Competing with Big Ag
Hemp has a lot of potential to compete with crops such as corn, cotton and soybeans, but as the industrial hemp supply chain is being built out, those crops aren’t going anywhere, Campbell said.
And, like cannabis, they all perform and yield better with more water than less.
“There’s a lot of people pushing to build infrastructure and get a foothold in these (industrial) markets,” he said, but when you’re looking at the CBD market, there’s no other crop to compete with.”
Campbell added that he is optimistic about diversifying the hemp market and building that industrial infrastructure, but there’s still a long road ahead and it doesn’t do any good to have false expectations.

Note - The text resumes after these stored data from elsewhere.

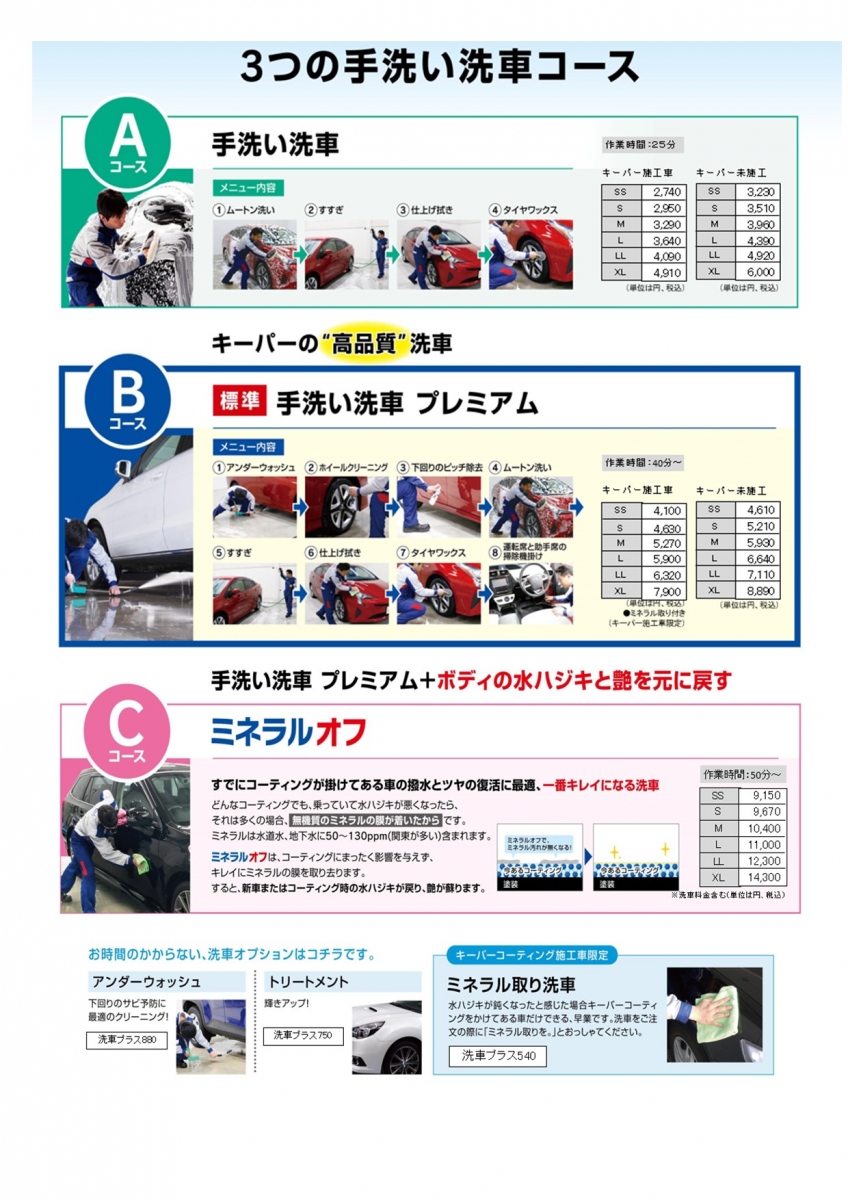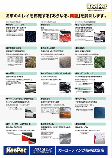 A.事故などで板金塗装をした際、保険会社に提示していただくと、保険対応にて部分施工などができます! 他にも、キーパーコーティングや普段のお手入れ方法が記載されています。Q.確認洗車って何するの?
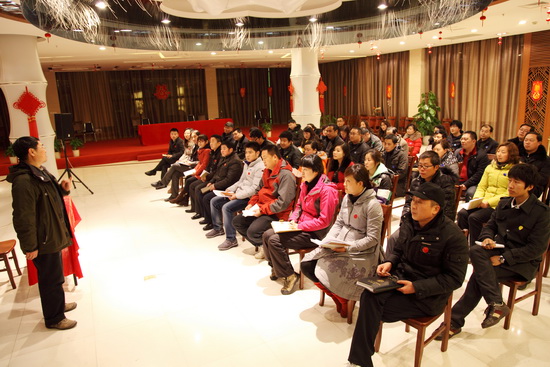 2012年2月22日至3月4日江苏新能源置业集团在豪第坊会所举办了2012年度公司新春学习培训班。在面对当前房地产形势,新能源人未雨绸缪苦练内功。提出了转型发展、改革创新、提高品质的要求,出台了一系列文件,并就此如何才能做到牢记于心并熟练运用于实践?为进一步帮助干部员工提高认识,提高技能,增强适应形势、适应改革、适应转变的能力,以积极的心态和扎实的功底,完成集团提出的各项目标任务,特举办2012年度公司新春全员学习培训班。
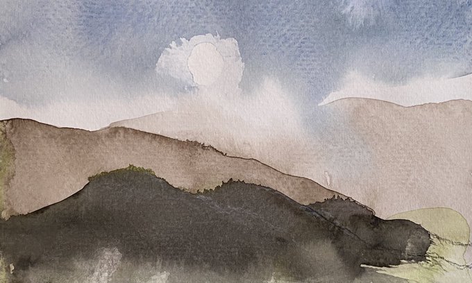 Experimental watercolours with grano medium over Gesso. Mmm... Sky’s with drama.
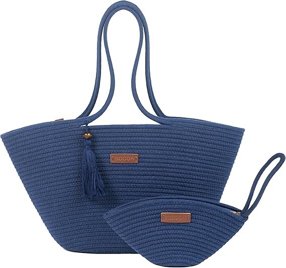 Home Accessories 女式大号编织手提包和小号手提包套装,海滩泳池周末旅行棉绳单肩包,必需品钱包

Hemp and marijuana are crops that will need to be managed like other crops, with rotational needs, water and fertilizer needs, he points out.

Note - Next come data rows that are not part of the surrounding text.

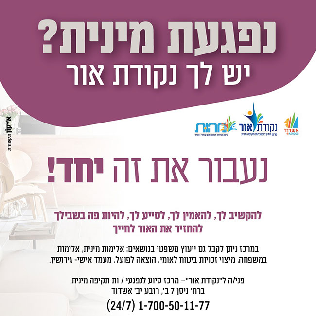 המרכז לנפגעי ונפגעות תקיפות מיניות באשדוד "נקודת אור" פועל במסגרת מהות הרשות העירונית לביטחון וחוסן קהילתי.
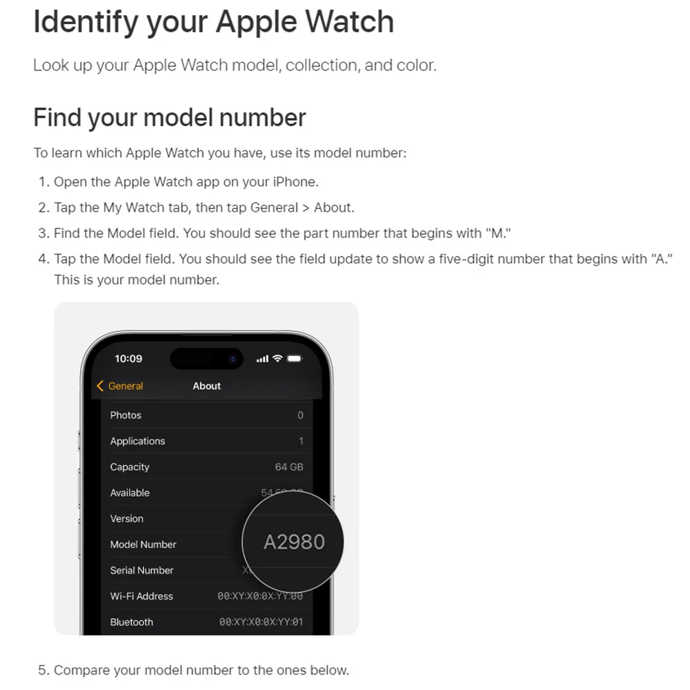 To learn which Apple Watch you have, use its model number:
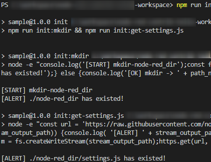"init:mkdir":"node -e \"console.log('[START] mkdir-node-red_dir');const fs = require('fs');const path_nodered_dir = './node-red_dir';if (fs.existsSync(path_nodered_dir)) {console.log( '[ALERT] ' + path_nodered_dir + ' has existed!');} else {console.log('[OK] mkdir -> ' + path_nodered_dir );fs.mkdirSync(path_nodered_dir);}\"",
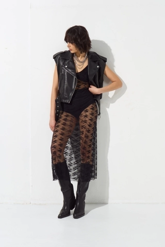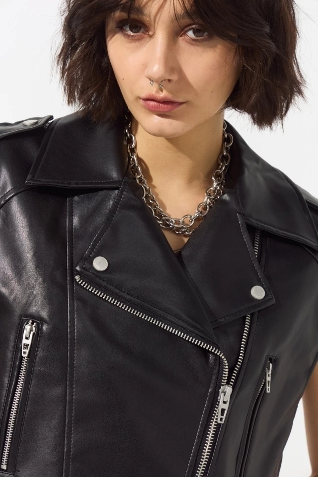 Chaleco biker corto con avíos metálicos con identificación de marca.
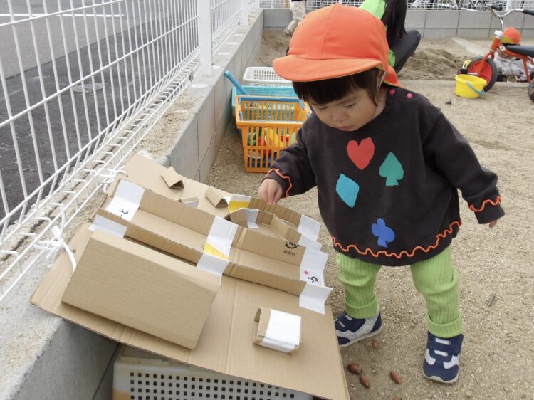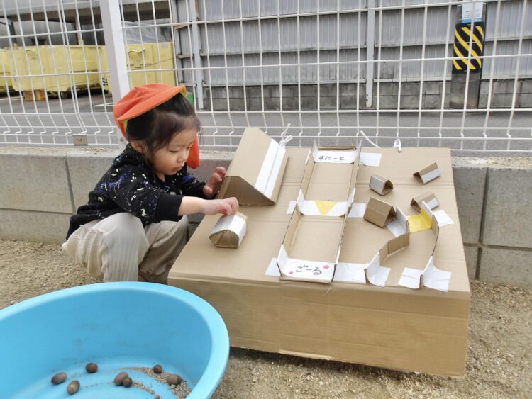 園庭では、どんぐりを転がすコースを設置して遊びましたよ![]()
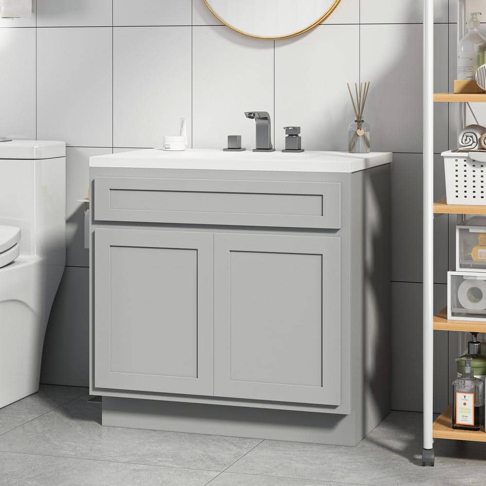 The Vanity Art 33" Bath Vanity Cabinet in Gray offers a timeless design with functional storage solutions. Crafted from durable solid birchwood and featuring soft-close doors, this cabinet combines traditional aesthetics with modern functionality. Perfect for adding a stylish touch to any bathroom without compromising on quality.
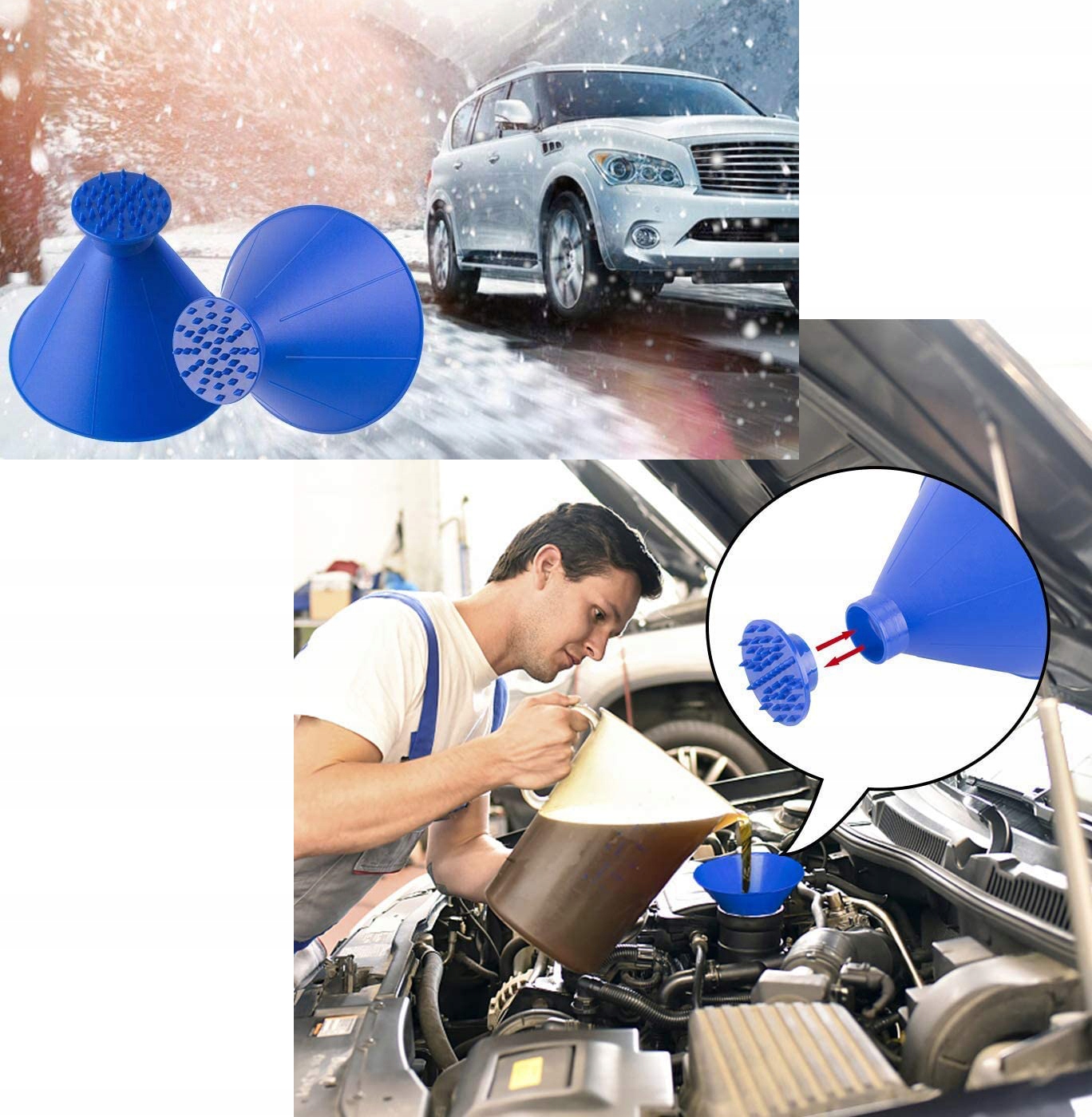 Используя отверстие, мы можем налить антиобледенитель окон и легко удалить лед с окон. С нашим скребком для льда вы удалите лед с окон гораздо быстрее, чем с помощью традиционного скребка. Дополнительно мы можем использовать его как воронку, например, для заливки жидкости омывателя лобового стекла и т. д.

“People are still dialing that in because a lot of that basic agronomy stuff wasn’t done during prohibition when it was on every single other crop, so we’re still kind of learning where the sweet spots are,” Campbell said.
“When you’re not exactly sure how much fertilizer or water you’re going to need, you’ll tend to go a little over rather than a little under, because it will make a more productive crop and you won’t take hits on yield.”
Depends on the region
Melissa Nelson, owner and field scientist at Performance Crop Research LLC in Great Bend, Kansas, who farms hemp along with corn, soybeans and other crops, said in her experience growing hemp for fiber and grain crops since 2019, water needs have been less compared to the other crops.
“Corn takes anywhere from 14 to 18 acre-inches to grow and we have irrigation on our farm, so we (added) approximately 12 inches to help provide that optimal crop and hemp, in the past two years, we’ve only put on 6 inches each season,” Nelson said.
That’s in addition to the 22 inches of average rainfall per year, she pointed out. Because of that, this year, the company added 10 ½ inches to the corn crops, 8 ½ inches to the soybeans and 6 inches to the hemp crops.
Grain and fiber hemp crops offer a great option for rotational crops in low-water years, depending on a farm’s regional weather patterns, Nelson said.
“Don’t bet your whole farm on hemp. It’s a tool in your toolbox.”